- **AIM OF THE EXERCISE**
The answer must consist solely of the lines from the one containing "Im Inneren der" through the last line of the records, set down exactly and without any pictures.
====== DATASET
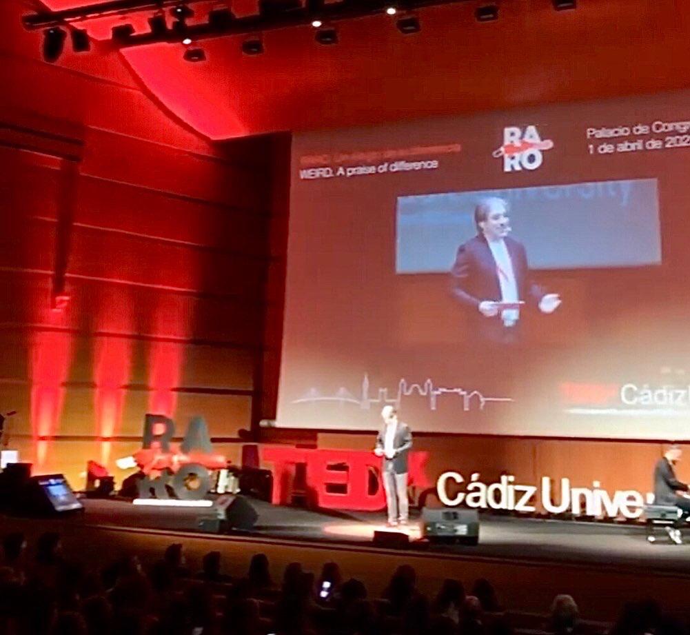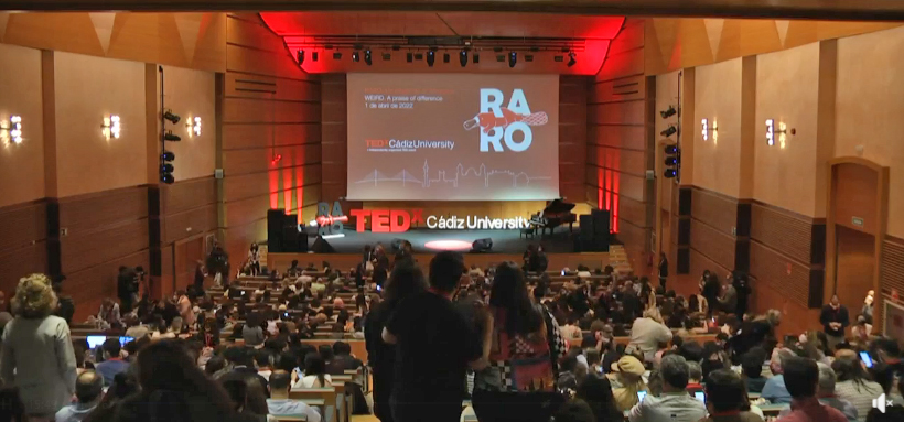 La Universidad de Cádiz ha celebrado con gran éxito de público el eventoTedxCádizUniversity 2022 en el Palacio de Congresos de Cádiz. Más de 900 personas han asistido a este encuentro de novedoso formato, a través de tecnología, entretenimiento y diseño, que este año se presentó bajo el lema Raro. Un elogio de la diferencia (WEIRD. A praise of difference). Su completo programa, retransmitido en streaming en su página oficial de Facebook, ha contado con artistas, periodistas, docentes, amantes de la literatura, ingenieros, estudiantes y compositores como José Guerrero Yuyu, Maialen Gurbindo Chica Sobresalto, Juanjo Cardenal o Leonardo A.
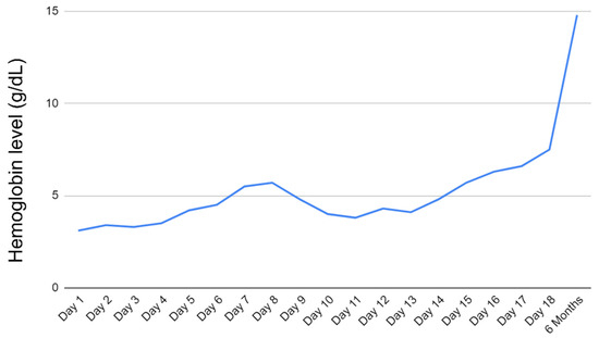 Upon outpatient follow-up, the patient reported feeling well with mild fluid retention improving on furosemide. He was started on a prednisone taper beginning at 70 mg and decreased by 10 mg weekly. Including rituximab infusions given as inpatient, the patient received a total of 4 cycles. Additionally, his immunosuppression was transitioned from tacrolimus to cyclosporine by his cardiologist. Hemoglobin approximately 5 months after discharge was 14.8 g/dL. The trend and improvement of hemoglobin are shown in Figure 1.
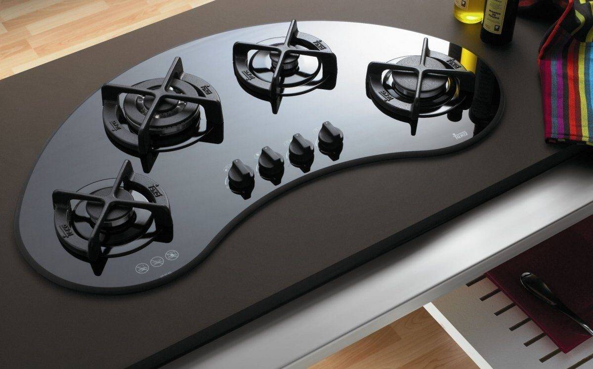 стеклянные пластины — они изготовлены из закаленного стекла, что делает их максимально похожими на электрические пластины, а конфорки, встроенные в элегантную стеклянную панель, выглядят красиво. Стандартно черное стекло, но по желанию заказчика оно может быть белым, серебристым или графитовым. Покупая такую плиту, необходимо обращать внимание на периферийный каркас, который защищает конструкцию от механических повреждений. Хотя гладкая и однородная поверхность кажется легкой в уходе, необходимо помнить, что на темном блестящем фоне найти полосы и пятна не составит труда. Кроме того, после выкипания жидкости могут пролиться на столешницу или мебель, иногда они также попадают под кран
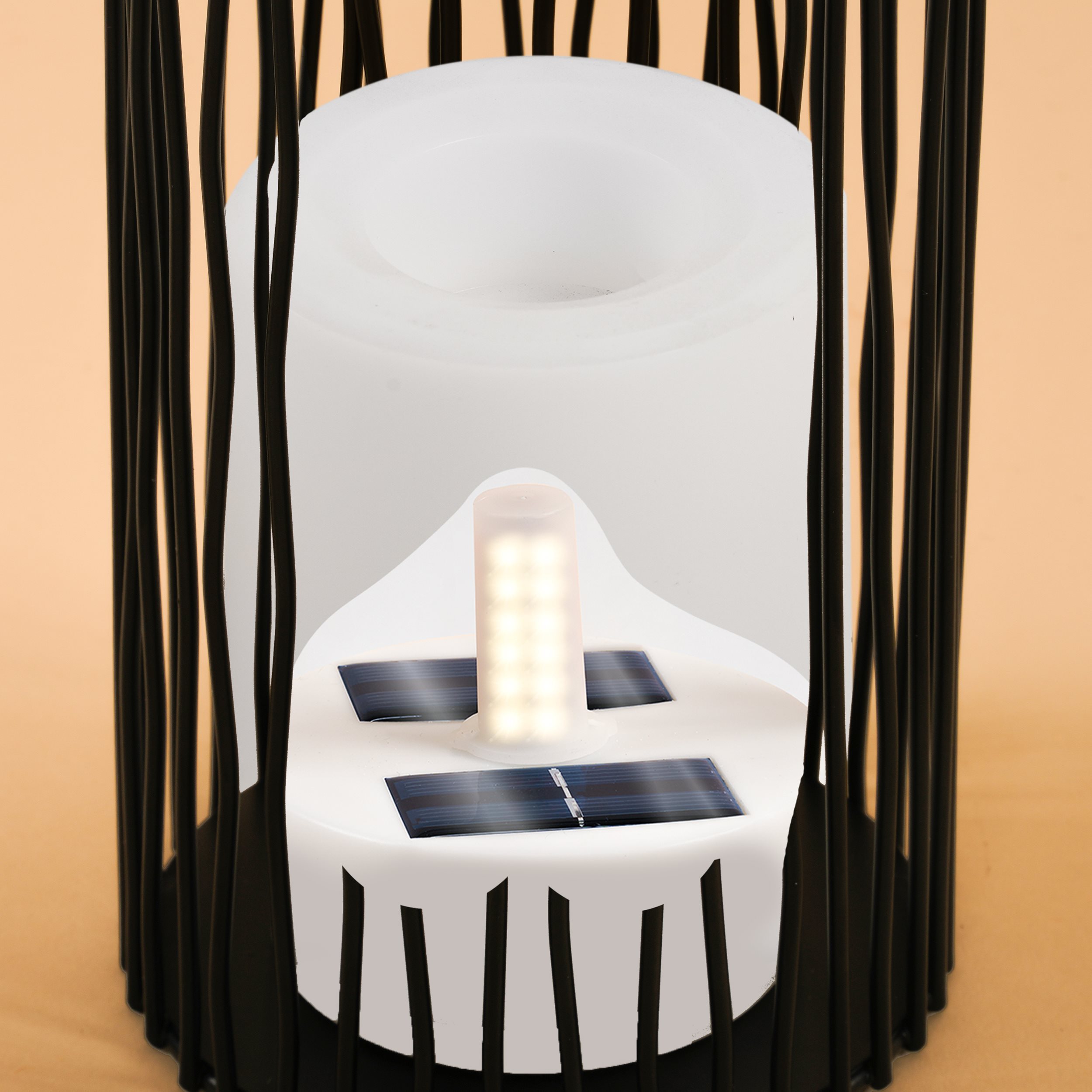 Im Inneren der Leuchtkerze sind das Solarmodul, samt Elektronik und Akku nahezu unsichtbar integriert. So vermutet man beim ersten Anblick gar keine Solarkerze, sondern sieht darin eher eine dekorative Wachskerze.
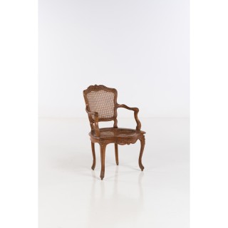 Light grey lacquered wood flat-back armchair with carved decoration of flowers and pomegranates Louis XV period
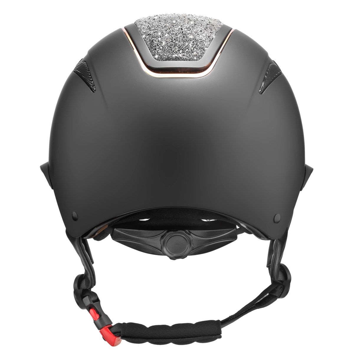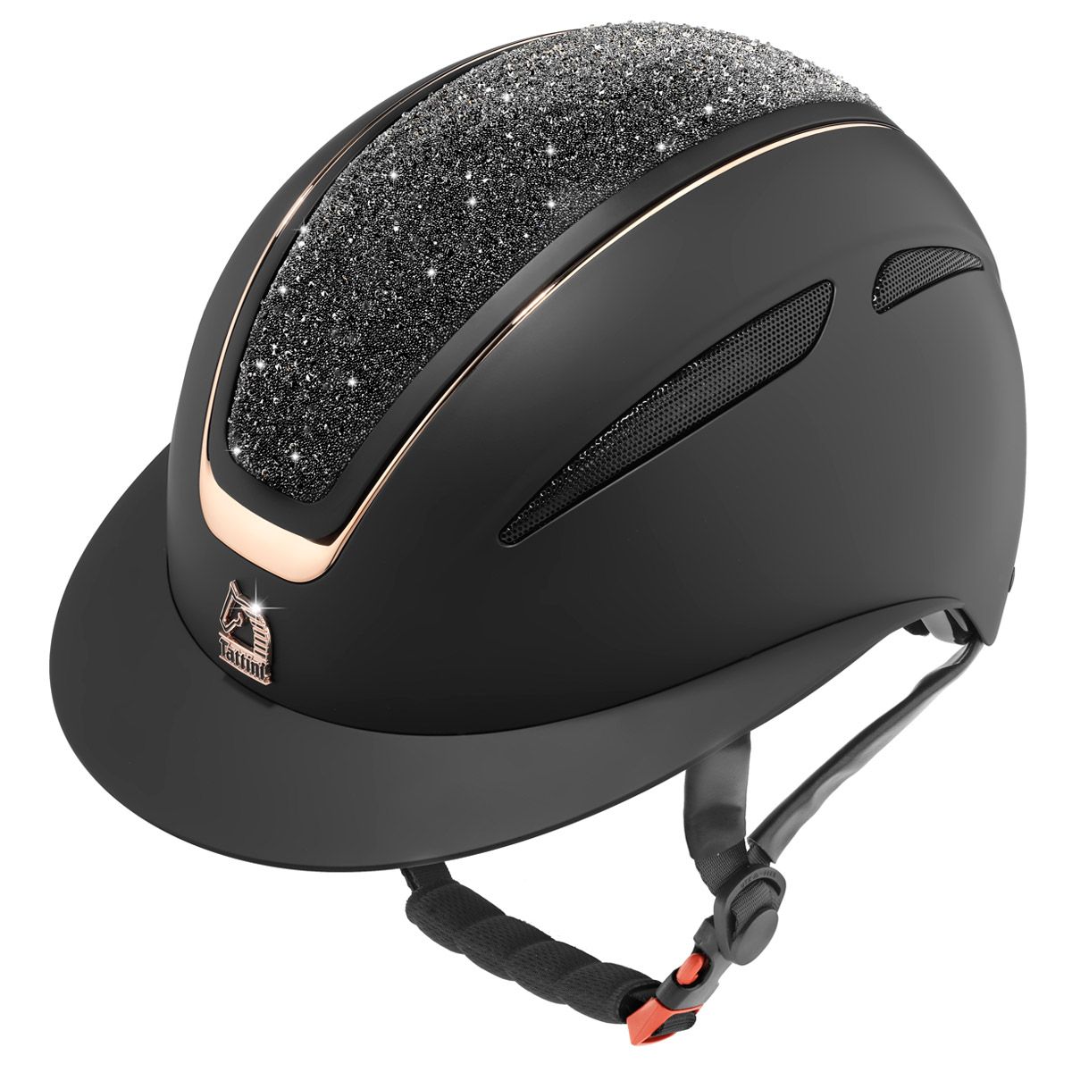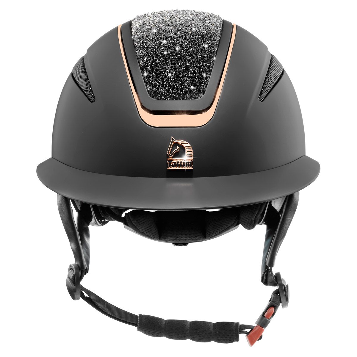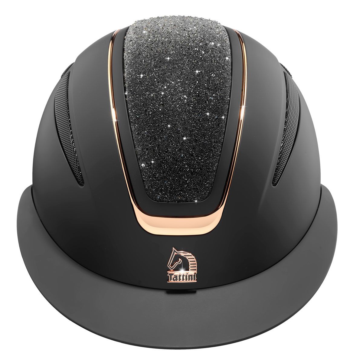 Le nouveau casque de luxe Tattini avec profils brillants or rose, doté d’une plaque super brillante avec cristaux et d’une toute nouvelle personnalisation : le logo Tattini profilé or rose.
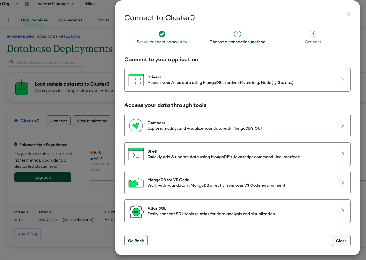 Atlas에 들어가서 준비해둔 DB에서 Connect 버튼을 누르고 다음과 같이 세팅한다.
============
- **SOLUTION BELOW**
 Im Inneren der Leuchtkerze sind das Solarmodul, samt Elektronik und Akku nahezu unsichtbar integriert. So vermutet man beim ersten Anblick gar keine Solarkerze, sondern sieht darin eher eine dekorative Wachskerze.
 Light grey lacquered wood flat-back armchair with carved decoration of flowers and pomegranates Louis XV period
 Le nouveau casque de luxe Tattini avec profils brillants or rose, doté d’une plaque super brillante avec cristaux et d’une toute nouvelle personnalisation : le logo Tattini profilé or rose.
 Atlas에 들어가서 준비해둔 DB에서 Connect 버튼을 누르고 다음과 같이 세팅한다.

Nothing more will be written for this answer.